*** PROVIDED INFORMATION ***
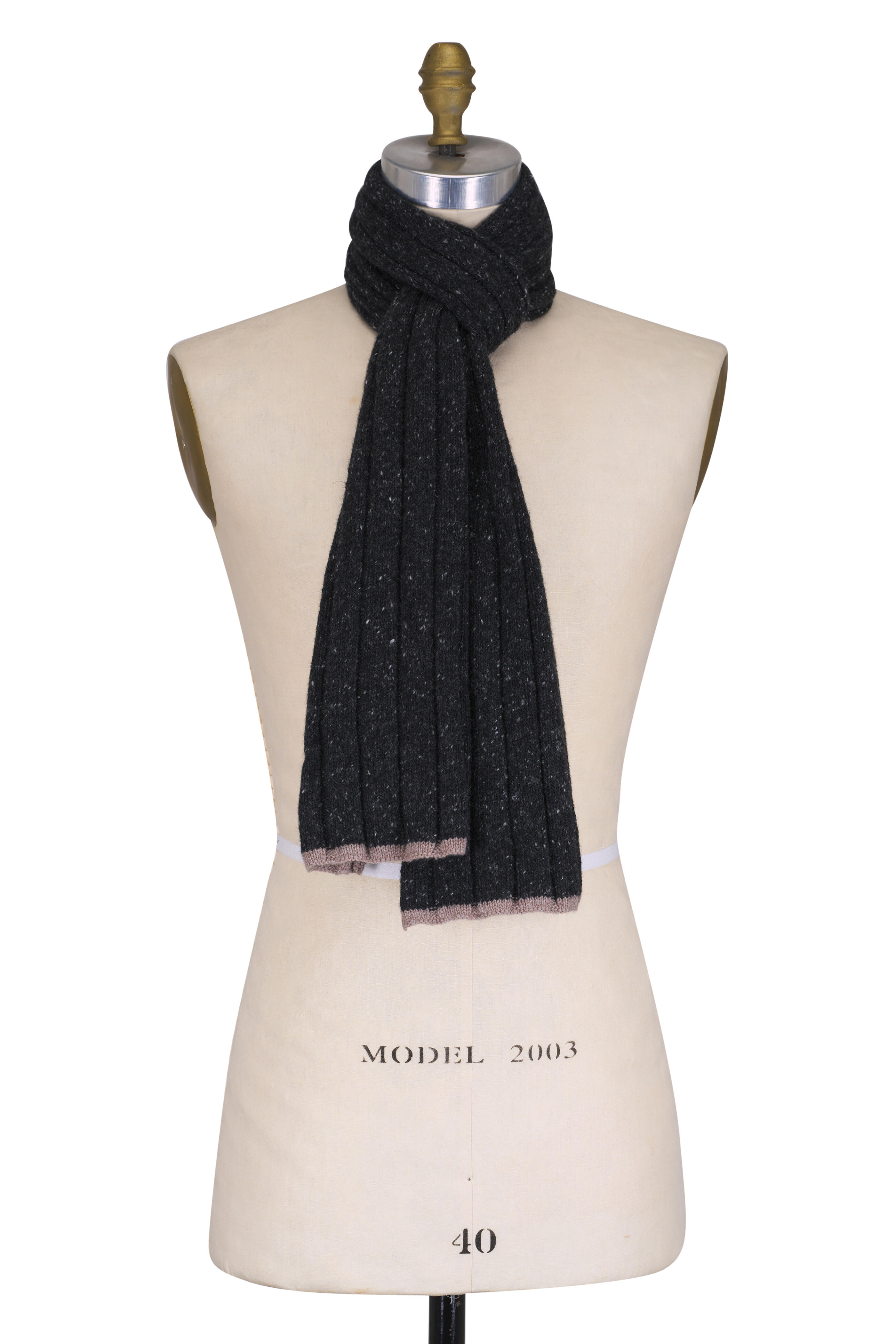Contrast tipping. Made in Italy. 100% cashmere. Hand wash.
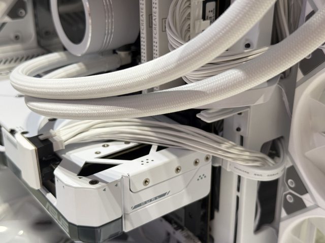 在雙艙結構機殼內,顯示卡線也是一個較難忽視的存在,傳統的底部走線因為少了電源艙
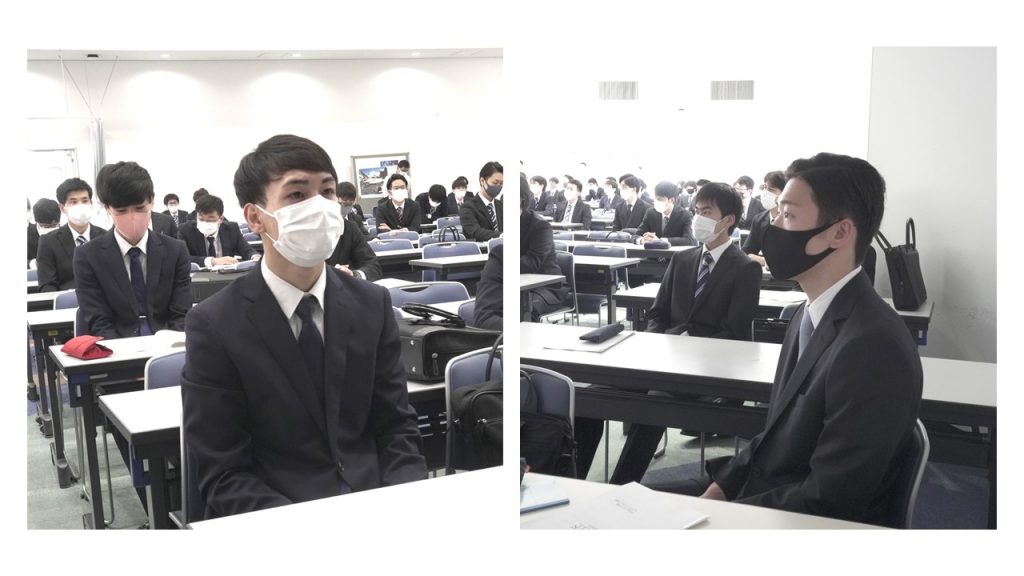 後半には身だしなみチェック、SPI試験と、本田技研工業の人事の方とオンラインでつなぎ、「就職活動を控える皆さんにお伝えしたいこと」と題して講話を実施しました。
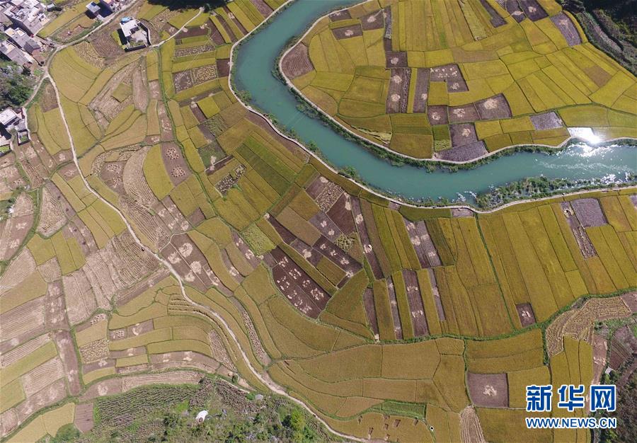 這是廣南縣八寶鎮(zhèn)壩龍村的田園景色(9月20日無人機(jī)拍攝)。 云南省文山壯族苗族自治州廣南縣八寶鎮(zhèn)今年種植優(yōu)質(zhì)水稻22000余畝,秋收季節(jié),田野里一片金黃,景色如畫。 新華社記者楊宗友攝
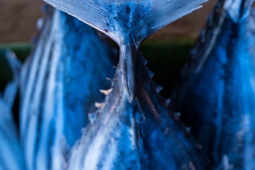 Falls der Blauflossen Thunfisch noch Sehnen enthält, schneiden Sie diese großzügig heraus. Wickeln Sie den Thunfisch dann möglichst eng in Frischhaltefolie ein und lassen ihn im Tiefkühlfach leicht anfrieren, dann lässt er sich besser in Form bringen und in Scheiben schneiden. Das angetaute Thunfischstück schneiden Sie dann mit einem scharfen Messer in ca. 3 mm dünne Scheiben.
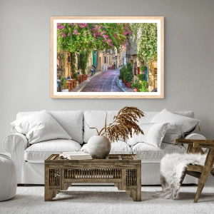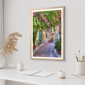 Affiche dans un chêne clair - Poster - Allée fleurie - 50x70 cm
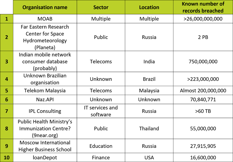 1. The ‘mother of all breaches’: more than 26 billion records exposed
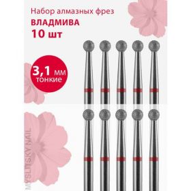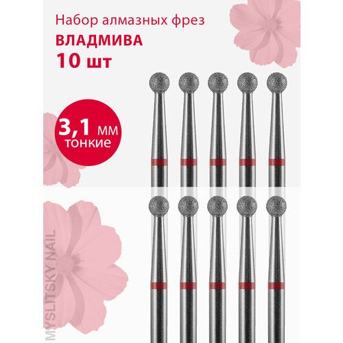 НАЙТИ ВЫГОДНЕЕ - Фреза для маникюра и педикюра алмазная ВладМиВа для кутикулы 806 104 001 514 031 Тонкая шар (упаковка 10 шт)
*** End of PROVIDED INFORMATION ***
### WORK ORDER
Every line from the one that contains "1. The ‘mother" through the end of the records above is to be reproduced exactly; no picture goes in the copy.

### SOLUTION TO THE EXERCISE
 1. The ‘mother of all breaches’: more than 26 billion records exposed
 НАЙТИ ВЫГОДНЕЕ - Фреза для маникюра и педикюра алмазная ВладМиВа для кутикулы 806 104 001 514 031 Тонкая шар (упаковка 10 шт)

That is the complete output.